Weston was the son of Edward Weston of Hackney. He matriculated at Corpus Christi College, Cambridge in 1639, and migrated to Jesus College, Cambridge on 6 September 1641, but left without taking a degree. He was admitted to Gray's Inn on 10 August 1642, and was called to the bar in 1649.

In April 1660, Weston was elected Member of Parliament for Weobley in the Convention Parliament. However the election declared void on 16 July 1660 on the grounds that the Sheriff had failed to send a precept and had not given due notice of the time. By 1662, Weston's arguments in court had attracted attention and were noticed by Thomas Raymond in his Reports of Cases.

Weston was made Lent reader at Gray's Inn in 1676, Serjeant-at-law on 23 Oct. 1677, and became King's Serjeant on 5 February 1678. He was knighted at the same time. He was judge in several important trials between 1678 and 1680. On 7 February 1680 he was made Puisne Baron of the Exchequer.

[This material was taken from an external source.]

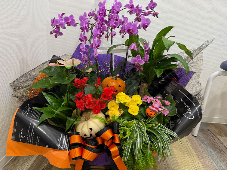 ハロウィン仕様のお花をいただきました。そのほか院内のハロウィンの飾りつけもスタッフが考えて飾りつけをしています。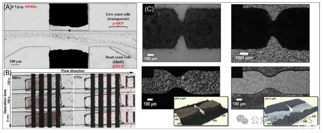 研究人員探討了微電極制造方面的進展,包括光刻、軟光刻和新興的非潔凈室技術。此外,他們還探討了快速原型開發、非接觸式電極和三維結構等創新方法,以及導電聚合物、碳基復合材料等材料選擇的相關問題。文中還分析了微電極在提升器件功能性、可擴展性和可靠性方面所起的作用。最后,本綜述指出了當前面臨的挑戰,包括需要提高制造的可重復性和多功能集成,并提出了未來潛在的研究方向,以進一步優化基于介電泳和電滲流的生物微系統,使其適用于先進的生物醫學與診斷應用。

In the midsummer assizes at Kingston in 1680 he checked George Jeffreys for browbeating the other side in their examination of witnesses, and so made an implacable enemy for himself. Also in 1680, he granted a habeas corpus to Sheridan, whom the House of Commons had committed, when some of the judges held back from so doing. In December 1680 the commons voted an impeachment against him based on some expressions he used in his charge to the jury at Kingston. In speaking of the theologians Calvin and Zwinglius he said ‘Now they were amusing us with fears, and nothing would serve them but a parliament .... for my part I know no representative of the nation but the king.’ The crime with which he was charged was that his words were ‘scandalous to the reformation, and tending to raise discord.’ Parliament was dissolved before the impeachment was brought in and he died before the next parliament proceeded to the business.

Weston died in Chancery Lane and was buried at Hackney on 26 March 1681.

Weston married Frances Manwood, daughter of Sir George Marwood of Little Buskby.